Data records
=== Begin Enclosure ===

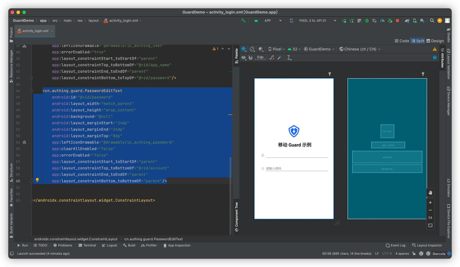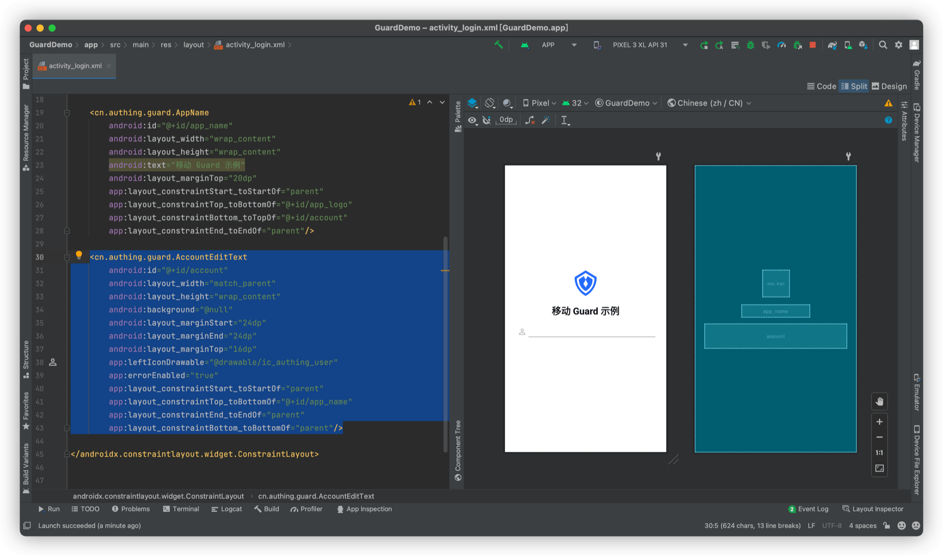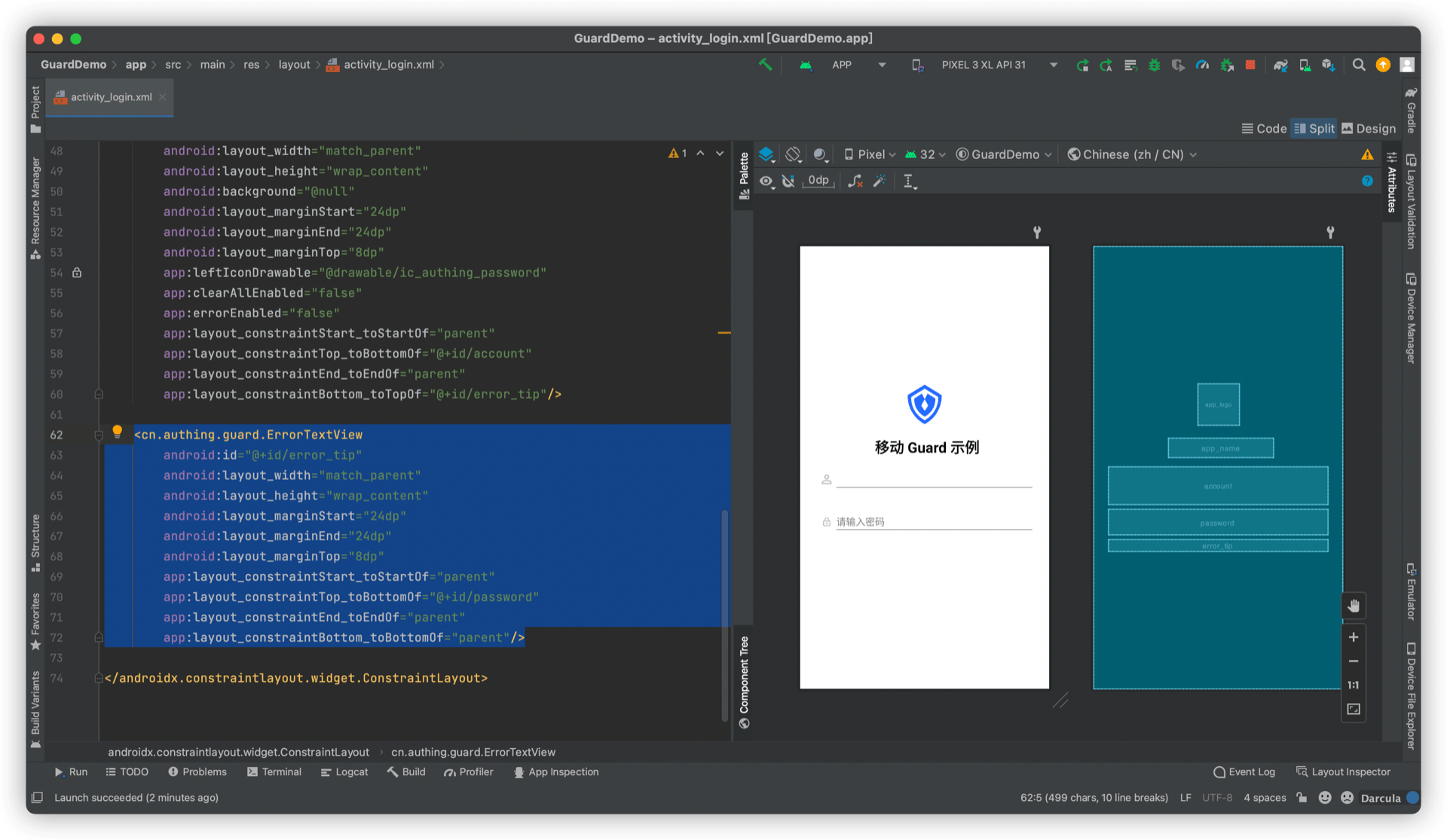 一个具有登录业务能力的界面就开发完了,输入有效的用户名密码,点击登录就可以完成认证。如果登录出现错误,服务器返回的错误信息也能直接显示在 ErrorTextView 上。
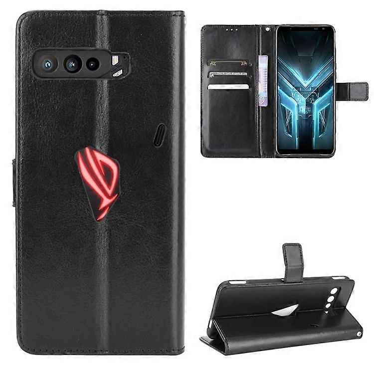Crazy Horse Texture Wallet Stand Leather Phone Case with Logo Hole Compatible For Asus ROG Phone 3/ZS661KS/ROG Phone 3 Strix
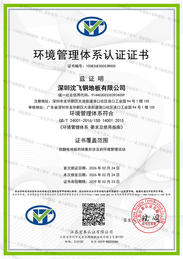 2. 環(huán)境管理體系:符合 GB/T 24001-2016 / ISO 14001:2015 標(biāo)準(zhǔn)
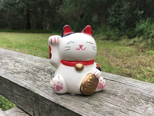 Maneki-neko je tradičná japonská soška mačky, ktorá má jej majiteľovi prinášať šťastie.
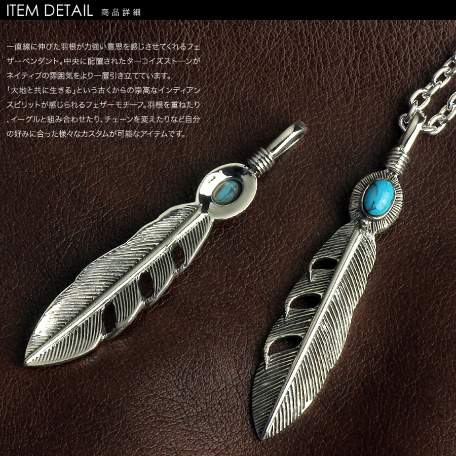 一直線に伸びた羽根が力強い意思を感じさせてくれるフェザーペンダント。中央に配置されたターコイズストーンがネイティブの雰囲気をより一層引き立てています。「大地と共に生きる」という古くからの崇高なインディアンスピリットが感じられるフェザーモチーフ。羽根を重ねたり、イーグルと組み合わせたり、チェーンを変えたりなど自分の好みに合った様々なカスタムが可能なアイテムです。
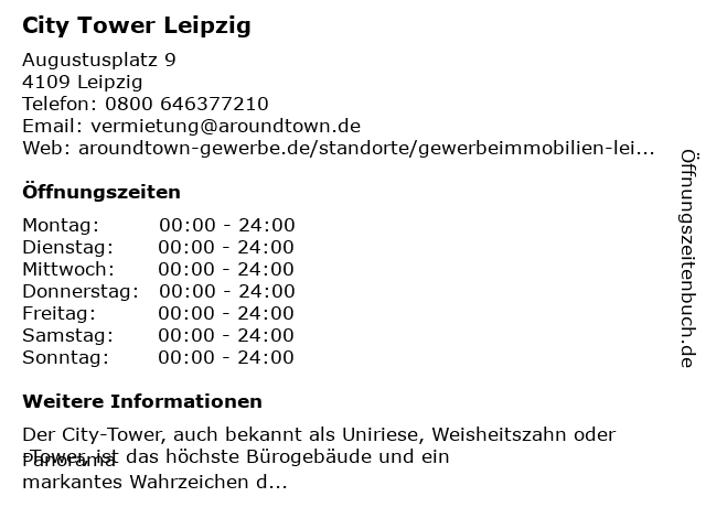 | Öffnungszeiten City Tower Leipzig in Leipzig anzeigen | |

=== End Enclosure ===

**WHAT THIS TASK INVOLVES**
What you should return is the exact text of every line from the top of the entries through the line with "2. 環(huán)境管理體系:符合 GB/T", pictures removed.

**WRITTEN SOLUTION**
 一个具有登录业务能力的界面就开发完了,输入有效的用户名密码,点击登录就可以完成认证。如果登录出现错误,服务器返回的错误信息也能直接显示在 ErrorTextView 上。
Crazy Horse Texture Wallet Stand Leather Phone Case with Logo Hole Compatible For Asus ROG Phone 3/ZS661KS/ROG Phone 3 Strix
 2. 環(huán)境管理體系:符合 GB/T 24001-2016 / ISO 14001:2015 標(biāo)準(zhǔn)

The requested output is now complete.